Calcitonin is a naturally-occurring hormone made by the thyroid gland. It prevents the cells that break down bone from working properly, improving the action of bone-building cells. Calcitonin is only available as injections in a synthetic form, known as salcatonin. It can be used for the treatment of post-menopausal osteoporosis and, because calcitonin has a pain-killing effect, it can be useful to use for a short time following a spinal fracture.

Calcitriol

Calcitriol is an active form of vitamin D sometimes given to post-menopausal women who have osteoporosis in the spine. Calcitriol improves the absorption of calcium from the gut, as calcium cannot be absorbed without vitamin D. Available as injections or capsules.

Calcium and vitamin D

Calcium and vitamin D supplements are an effective treatment to reduce bone loss in the elderly. Most people should be able to obtain adequate calcium from their daily diet, but supplements are an alternative for people who find this difficult. Calcium alone has a limited effect as a treatment for osteoporosis but combined with vitamin D it is particularly helpful for the elderly and housebound who cannot get out in natural sunlight and may have a poor diet.

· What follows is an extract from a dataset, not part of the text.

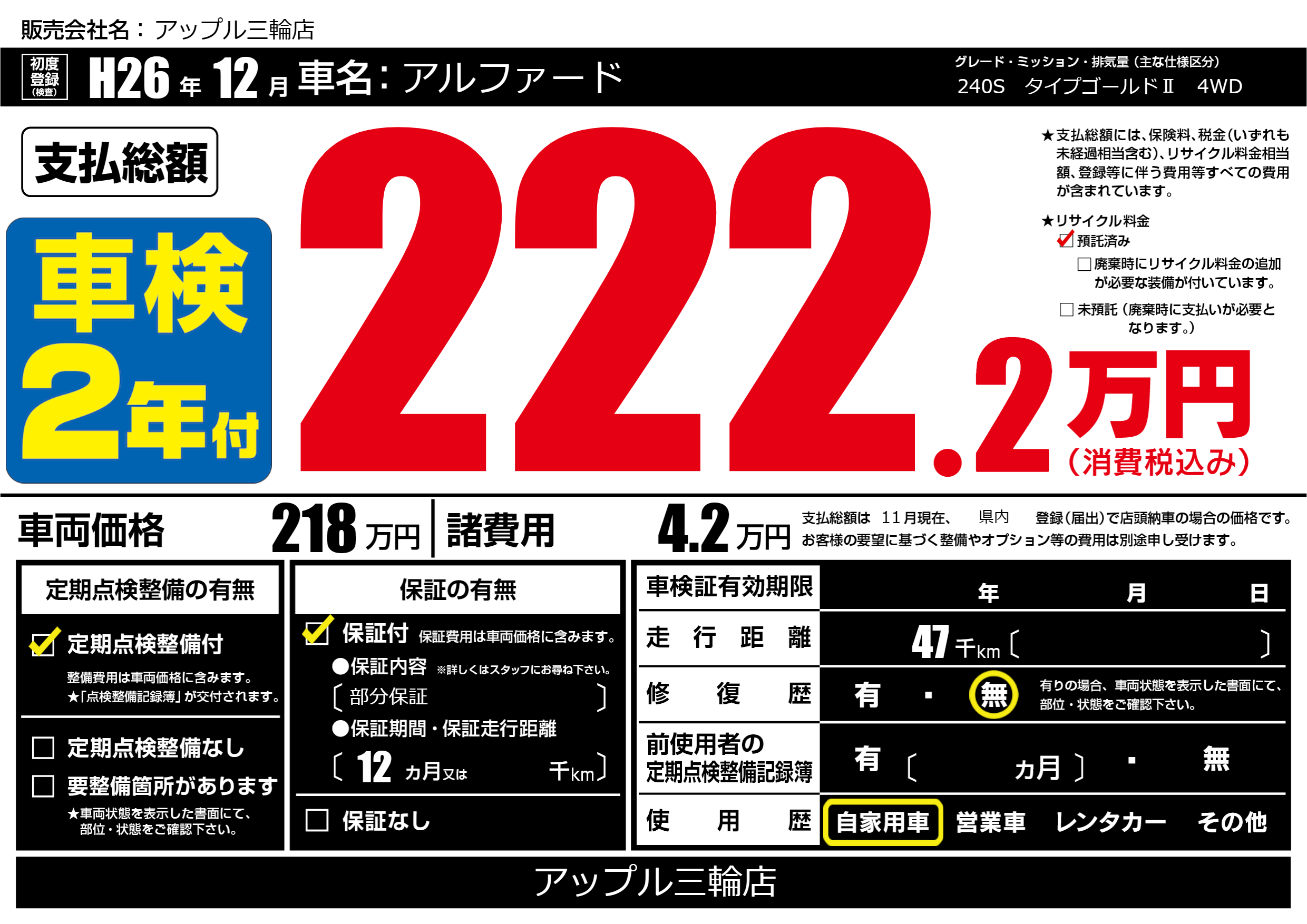 | 走行キロ | 4.7万km | ||

Hormone replacement therapy (HRT)

Hormone replacement therapy (HRT) is a common means of preventing and treating osteoporosis. Taking HRT also helps to reduce the risk of heart disease and relieve menopausal symptoms such as hot flushes, night sweats, headaches and vaginal dryness. Some women may experience side effects such as breast tenderness and temporary nausea. These symptoms usually stop after the first few months or with a change of the type or dose of HRT. Some 30 forms of HRT are available as pills, patches, implants or gels.

SERMs (Selective Estrogen Receptor Modulators)

SERMs (Selective Estrogen Receptor Modulators) are a new generation of synthetic hormone replacement drugs that reduce the risk of osteoporosis and heart disease, but do not appear to increase the risk of breast or endometrial cancers.